N. MIRA¹, S. PELET<sup>1

1</sup>Quantitative Signaling Group, Department of Fundamental Microbiology, University of Lausanne, UNIL-Sorge District, Biophore Building CH-1015 Lausanne, Switzerland

Studies of signaling pathways have focused on the quantification of global changes of MAPK activity. However, localized activity of MAPK may play a crucial role in many signal transduction cascades. For instance, in the yeast mating process, Fus3 MAPK and other signaling components are enriched at the tip of the mating projection. To quantify this local activity, we sought to develop a Bimolecular Synthetic Kinase Activity Relocation Sensor (Bi-SKARS), which consists of two synthetic modules: the docking module includes a MAPK docking site, a phosphorylatable sequence and a membrane targeting sequence, while the translocating module bears a phospho-binding domain as well as a fluorescent protein to track its sub-cellular location. The MAPK binds to the docking site upon pheromone stimulation and phosphorylates the Ser/Thr-containing motif.

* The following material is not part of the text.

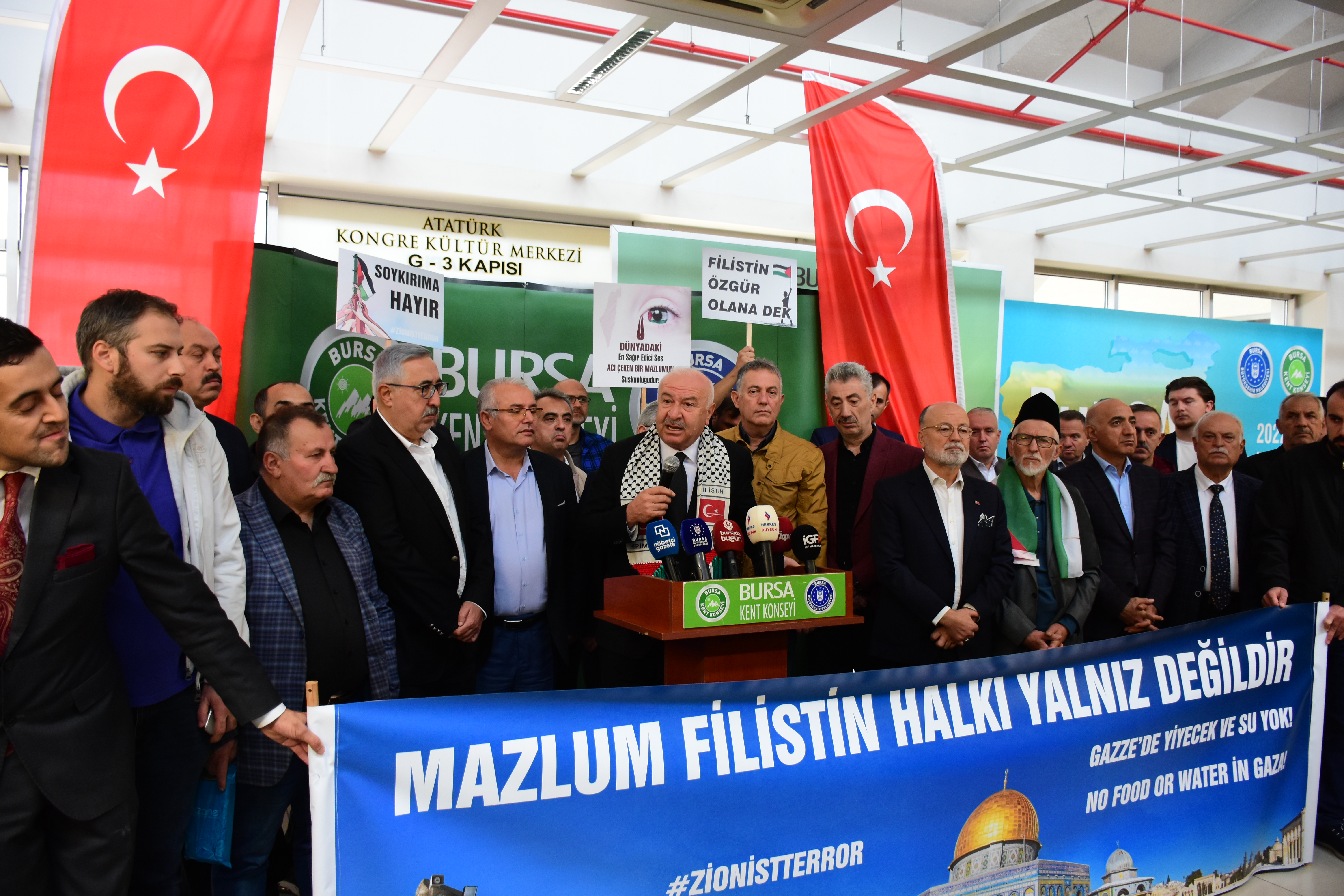 Bursa Kent Konseyi Başkanı Şevket Orhan, düzenlediği basın toplantısı ise Filistin’de yaşanan İsrail zulmüne tepki gösterdi.

The recruitment of the translocating module via the phospho-Ser/Thr binding domain results in a change in fluorescence distribution.

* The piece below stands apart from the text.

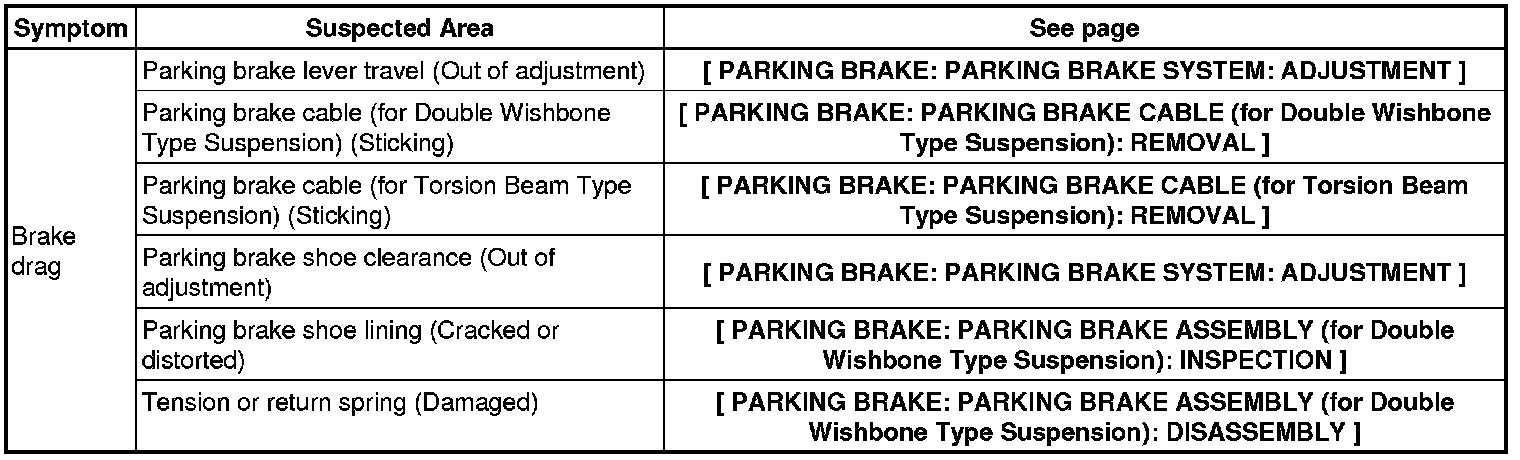 PARKING BRAKE: PARKING BRAKE SYSTEM: PROBLEM SYMPTOMS TABLE

Using this sensor, we observed a robust membrane enrichment of the sensor at the plasma membrane 4 min after stimulation of cells with pheromone. The specificity of the system to Fus3 MAPK was confirmed by the absence of recruitment with a non-docking version of the biosensor. Our next experiment will be to study the dynamic response of the biosensor using a fus3-as allele, which can be inhibited by an ATP analog. We will also verify the specificity of interaction between the two modules using a non-phosphorylatable and a phosphomimetic Bi-SKARS. The quantification of MAPK local activity will allow us to gain new insights into the conversion of Fus3 MAPK activation from an isotropic response to a polarized signal at the shmoo tip and its contribution to the establishment of a stable polarity site.